TASK DESCRIPTION:
Look through the data below for the line with "Letter W Vintage" and the line with "Modernse ja ministliku", then output those two and all lines in between, exactly as written.

INFORMATION:
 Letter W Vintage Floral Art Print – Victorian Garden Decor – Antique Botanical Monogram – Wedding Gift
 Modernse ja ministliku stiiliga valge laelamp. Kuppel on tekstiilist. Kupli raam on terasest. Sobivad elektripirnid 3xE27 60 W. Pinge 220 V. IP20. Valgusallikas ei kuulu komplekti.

---

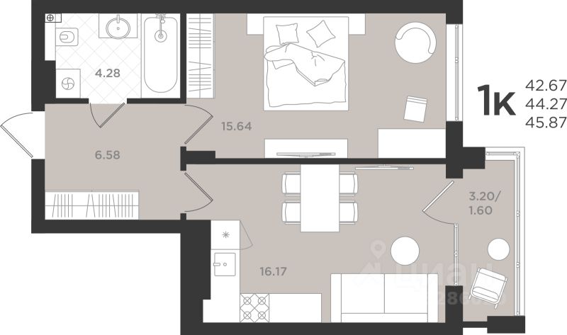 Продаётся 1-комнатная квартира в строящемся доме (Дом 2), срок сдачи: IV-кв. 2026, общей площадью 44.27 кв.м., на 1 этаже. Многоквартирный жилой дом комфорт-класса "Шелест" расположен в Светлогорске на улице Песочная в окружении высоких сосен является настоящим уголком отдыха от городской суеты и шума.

SOLUTION:
 Letter W Vintage Floral Art Print – Victorian Garden Decor – Antique Botanical Monogram – Wedding Gift
 Modernse ja ministliku stiiliga valge laelamp. Kuppel on tekstiilist. Kupli raam on terasest. Sobivad elektripirnid 3xE27 60 W. Pinge 220 V. IP20. Valgusallikas ei kuulu komplekti.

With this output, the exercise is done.